Posted by: Donovan Rieger | Wednesday, 22 August 2007 at 02:20 PM
Happy Birthday, Henri! Your legacy lives on.
Posted by: Bob Roberts | Wednesday, 22 August 2007 at 02:24 PM
FYI: here is a site that has HCB's Opus "The Decisive Moment" for viewing:
http://e-photobooks.com/cartier-bresson/decisive-moment.html
Posted by: andy ilachinski | Wednesday, 22 August 2007 at 02:50 PM
It's an understatement to say he didn't like his photo taken. I remember reading about a squabble between HCB and David Douglas Duncan.
The two men sat and talked, and DDD shot an entire roll of pictures of HCB. Later, he published them, and HCB was quite upset. He objected strongly to having his picture taken and published without his approval.
Seems strange, since he had made a very long career of doing exactly that to thousands of people.
Wes Medlin
Posted by: Wes Medlin | Wednesday, 22 August 2007 at 03:20 PM
Thanks for remembering. And where did you find the Newman portrait? I'd love to see a real print, or even one in a book. It would be interesting to compare it with the better-known portrait by Beaumont Newhall from around the same time.

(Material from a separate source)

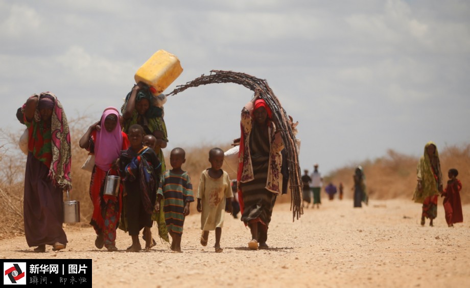 2017年3月26日,在索马里拜多阿,人们为了躲避旱灾携带行李走向一处临时难民营。FEISAL OMAR/路透

Posted by: Mark Sampson | Wednesday, 22 August 2007 at 03:21 PM
This afternoon while waiting for an image to print, I randomly pulled the Summer 2003 issue of Aperture off the shelf. It has an interesting interview of H C-B by Diana Stoll. Oh, that we all could be so lucid and insightful at age 95: "To see is sensitivity in relation to shape and geometry". Several previously unpublished photos illustrate the interview.
Posted by: Donovan Rieger | Wednesday, 22 August 2007 at 06:07 PM
Very cool Newman portrait. I've never seen it before. I travelled to Paris shortly after HCB's death in July of 2004. We stayed in a hotel very close to his apartment. I contacted the HCB Foundation, sure that they would have a retrospective, memorial or something to celebrate his life. Silly me. It was August. They were closed. Damn, the French know how to live...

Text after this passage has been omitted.